14.7 Section 6.5: Streaming Algorithms - Processing Infinite Data

14.7.1 The Streaming Challenge

Imagine you’re monitoring Twitter: - 500 million tweets per day - Can’t store everything in memory - Need real-time statistics - Data arrives continuously

The Constraint: You can only make ONE PASS through the data!

14.7.2 Reservoir Sampling: Fair Sampling from Streams

14.7.2.1 The Problem

You want to maintain a random sample of tweets, but you don’t know how many total tweets there will be!

14.7.2.2 The Solution: Reservoir Sampling

Analogy: Imagine you’re at a parade and want to photograph 10 random floats: - You don’t know how many floats there will be - You can only keep 10 photos in your camera - You want each float to have equal chance of being photographed

The Algorithm: 1. Keep first k items in your “reservoir” 2. For item n (where n > k): - With probability k/n, include it - If including, randomly replace one existing item 3. Magic: This gives uniform probability to all items!

14.7.2.3 Why It Works (Intuitive Explanation)

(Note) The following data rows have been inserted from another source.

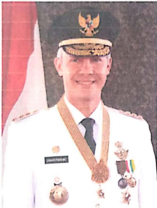
FOTO BUPATI DEMAK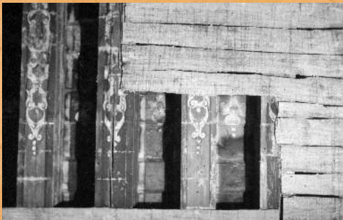
Odkrycie polichromowanego stropu z 1642 roku w czasie prac remontowych przeprowadzonych w 1958 r.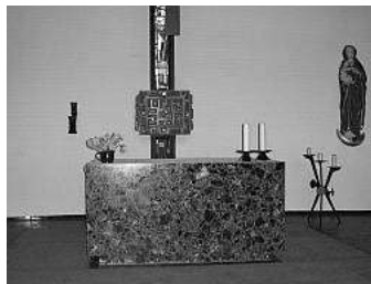
St. Ansgar, Meldorf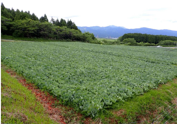
キャベツ生産を開始したほ場

農地の貸借は農地バンク事業で令和6年1月より1.7haの農地貸借が開始されました。同社は今後、静岡県内で130haの農地の確保を検討しております。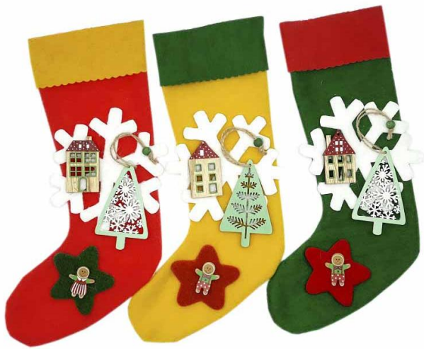
ARI35 – CALZA ARIANNA 35 PZ.3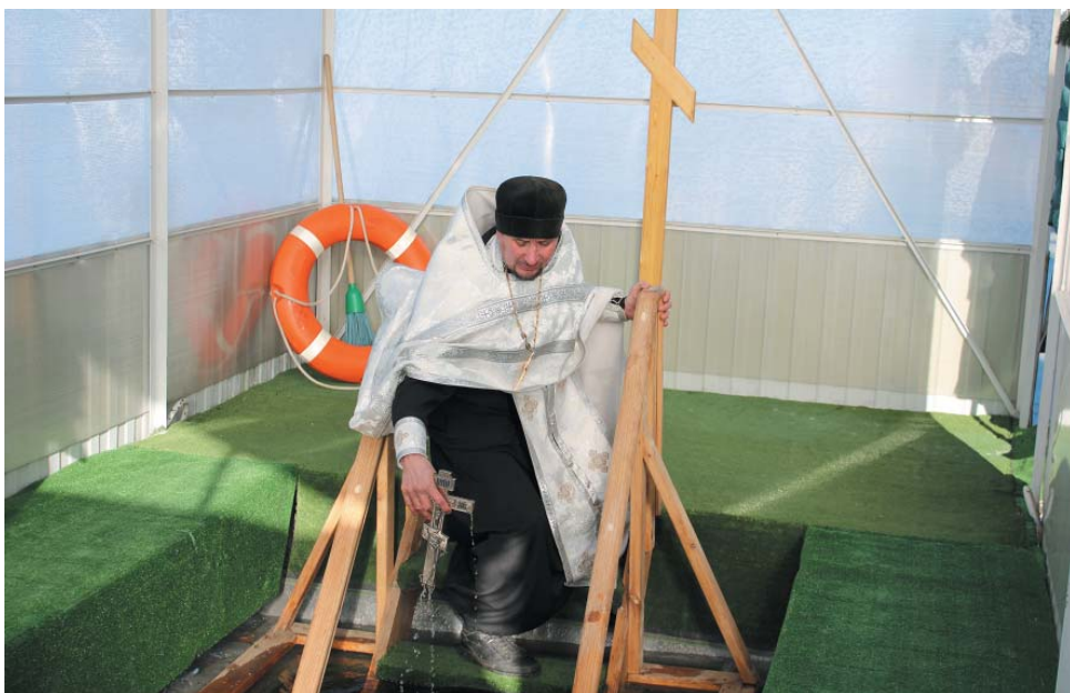
Чин освящения крещенской купели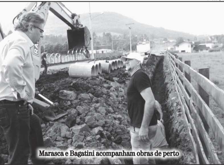
Marasca e Bagatini acompanham obras de perto

ria Ltda. Valor: R$ 283.500,00 Ministério das Cidades/ Caixa Repasse Ministério: R$ 245.850,00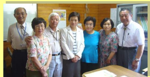
立正佼成会加治木支部のみなさん

始良市民チャリティーゴルフ大会で募金活動を行い、地域福祉活動推進の為のご寄付をいただきました。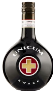
UNICUM Amaro cl 70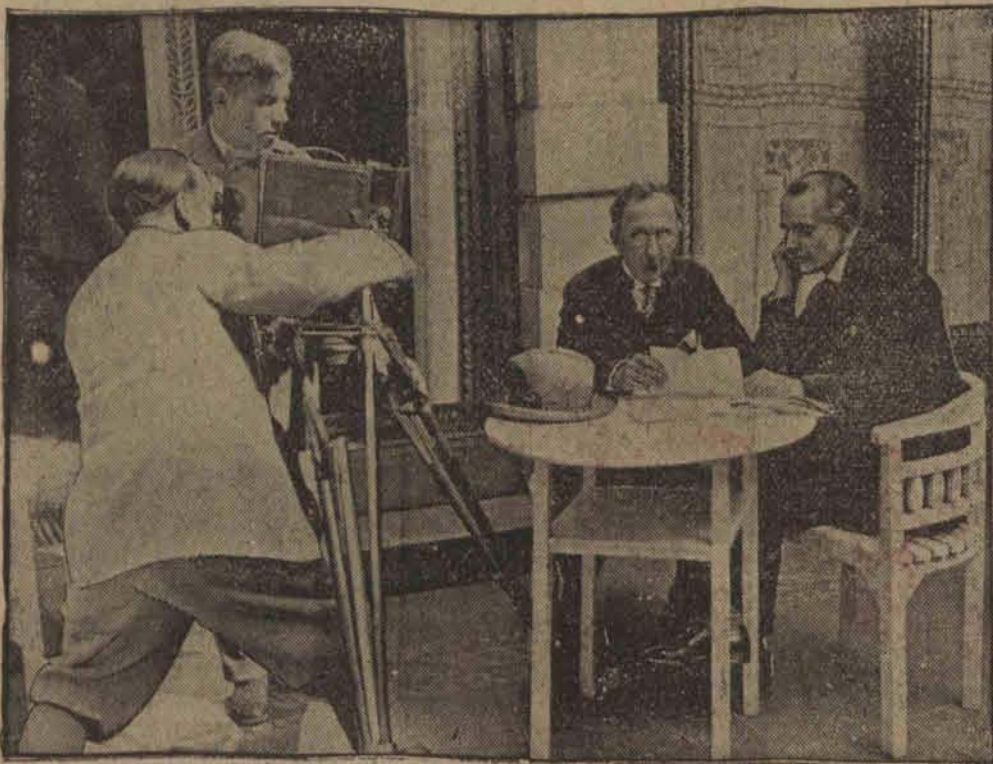
Kierownik zeszłorocznej ekspedycji „Itali“ na biegun północny general Nobile, który pisze na ilustracji widzimy go (po prawej stronie) obok słynnego aeronauty, profesora Bersonia.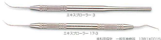
エキスポローラー 3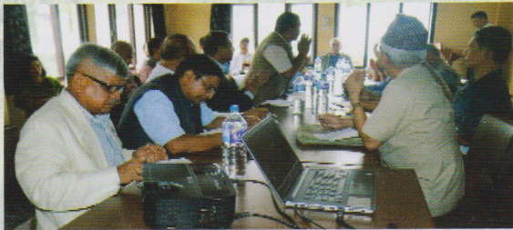
(राष्ट्रिय किसान आयोगको सभाहलमा विज्ञहरूसँग २०७६/४/९ गते बैठक तथा अन्तरक्रिया)

कार्यक्रममा खण्डित भूमिको व्यवस्थापनने प्रमुख मुद्दा रहेकोमा उत्पादन र उत्पादकत्व न्यून हुनु स्वभाविक हो, भनी सहभागीहरूबाट व्यक्त गरिएको थियो। नेपाल सरकारबाट पहिलो प्राथमिकतामा राखी भूमि व्यवस्थापनका साथै कार्यान्वयन गर्नुपर्ने।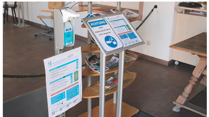
Seit Montag wurde der Publikumsverkehr deutlich reduziert und weitere Schutzmaßnahmen umgesetzt. Ab Mittwoch kommen Bürgerinnen und Bürger nur nach vorheriger Terminvereinbarung in die Verwaltungsgebäude.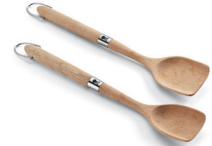
Wokbesteck-Set 2-teilig aus Buchenholz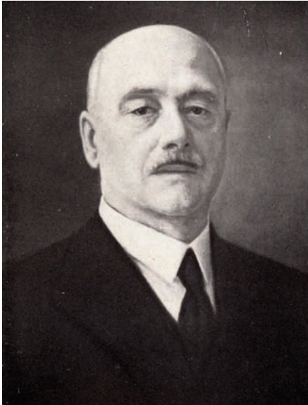
33. kép Menyhárh Gáspár (1868–1940), az ausztriai, majd magyar magánjog professzora (1911–1939)

az igazságügy-miniszteri tiszttel említendő 1899 és 1905 között. 188 1914-ben főrendiházi taggá vált.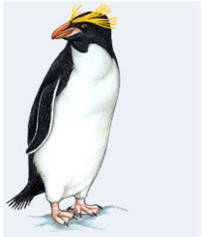
Le Gourfou Macaroni (Macaroni penguin)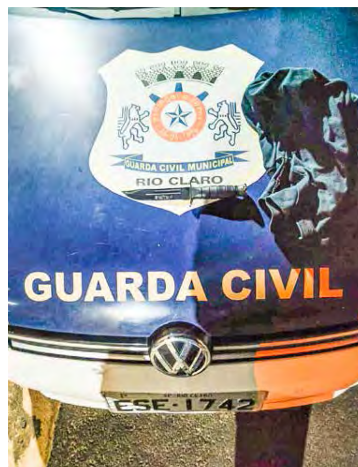
Equipe de perícia apreendeu uma faca na residência do autor

A vítima da lesão corporal foi orientada quanto ao prazo de seis meses para o oferecimento de representação criminal em face do investigado na Delegacia de Polícia da área do fato.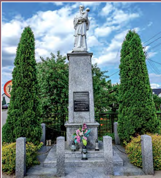
Figura świętego Stanisława Kostki Figur des heiligen Stanislaw Kostka in Pęckowo

W 1595 r. Piotr Czarnkowski sprzedał Chrystianowi margrabiemu brandenburskiemu dobra wieleńskie za 25 000 złotych !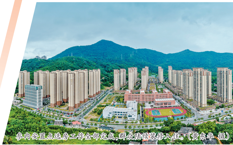
参内安置点选房工作全部完成,群众陆续装修入住。

聚焦移民长远生计,支部联动多部门在安置区开展技能培训,开设种植养殖、家政服务课程;对接周边产业园、集镇商铺提供就业岗位,鼓励就近务工;同步落实耕地指标调剂、农田配套改造,保障务农移民生产用地。针对高龄老人、低保家庭、残疾人等群体,落实专项补助、暖心帮扶政策,兜底保障基本生活。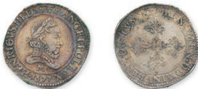
127 Henri III. Franc d'argent . Toulouse. 1577. (Dy.1130A). HENRI IV. \frac{1}{4} d'écu. 1 er t. Nantes. 1607. (Dy. 1222). Ens. 2 p. Presque Très Beau. 200 / 300 €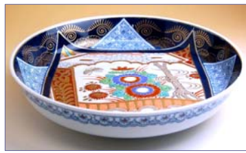
201077 上錦 9寸鉦鉢 (径 27.3cm) 1 6 8 0 0 円 (本体価格 1 6 0 0 0 円)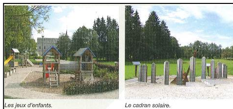
Les jeux d'enfants.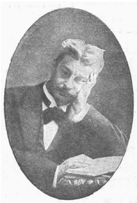
En temmelig træt Georg Brandes. Foto fra Tilskueren, Februar 1912 med titlen "Festskrift til Georg Brandes".

Når Søren Kierkegaards insisterer på "Hiin Enkelte", er det tilsyneladende et udtryk for en ekstrem individualistisk selvoptagethed. Men kun tilsyneladende. Hans filosofiske forfatterskab er på den ene side udsprunget af en egenartet og vel også temmelig aparte livsskæbne: "Man bliver ikke digter ved den pige, man fik, men ved den, man ikke fik". Men Kierkegaards forfatterskab er ikke reducerbart til denne livsskæbne. Det stikker dybere end hans egen åndelige selvkredsen. Det går så meget i dybden, at det kan tale til alle. Det handler om os alle. Grunderfaringerne er de samme. Angst er angst. Håb er håb. Liv er liv. Død er død. Frelse er frelse.

For any item to be in the final sample: - It needs to be selected when it arrives - It needs to survive all future replacements

Math Magic: - Probability item i is in final sample = k/N (where N is total items) - This is exactly uniform sampling!

Let’s implement it:

import random

class ReservoirSampler:
    """
    Maintain a uniform random sample from a stream of unknown size.
    
    Applications:
    - Sampling tweets for sentiment analysis
    - Random sampling from database queries
    - A/B testing with streaming data
    """
    
    def __init__(self, sample_size=100):
        """
        Initialize reservoir.
        
        Args:
            sample_size: Number of items to maintain in sample
        """
        self.k = sample_size
        self.reservoir = []
        self.items_seen = 0
    
    def add(self, item):
        """
        Process new item from stream.
        
        Maintains uniform probability for all items seen so far.
        """
        self.items_seen += 1
        
        if len(self.reservoir) < self.k:
            # Haven't filled reservoir yet
            self.reservoir.append(item)
        else:
            # Randomly decide whether to include this item
            # Probability = k / items_seen
            j = random.randint(1, self.items_seen)
            
            if j <= self.k:
                # Include this item, replace random existing item
                replace_index = random.randint(0, self.k - 1)
                self.reservoir[replace_index] = item
    
    def get_sample(self):
        """Get current random sample."""
        return self.reservoir.copy()
    
    def sample_probability(self):
        """
        Probability that any specific item is in the sample.
        Should be k/n for uniform sampling.
        """
        if self.items_seen == 0:
            return 0
        return min(1.0, self.k / self.items_seen)

# Demonstration
def reservoir_sampling_demo():
    """
    Demonstrate that reservoir sampling is truly uniform.
    """
    sampler = ReservoirSampler(sample_size=10)
    
    # Stream of 1000 items
    stream = range(1000)
    
    for item in stream:
        sampler.add(item)
    
    sample = sampler.get_sample()
    
    print(f"Random sample of 10 from 1000 items: {sorted(sample)}")
    print(f"Each item had probability {sampler.sample_probability():.1%} of being selected")
    
    # Verify uniformity with multiple runs
    counts = {}
    for _ in range(10000):
        sampler = ReservoirSampler(sample_size=1)
        for item in range(10):
            sampler.add(item)
        selected = sampler.get_sample()[0]
        counts[selected] = counts.get(selected, 0) + 1
    
    print("\nUniformity test (should be ~1000 each):")
    for item in sorted(counts.keys()):
        print(f"  Item {item}: {counts[item]} times")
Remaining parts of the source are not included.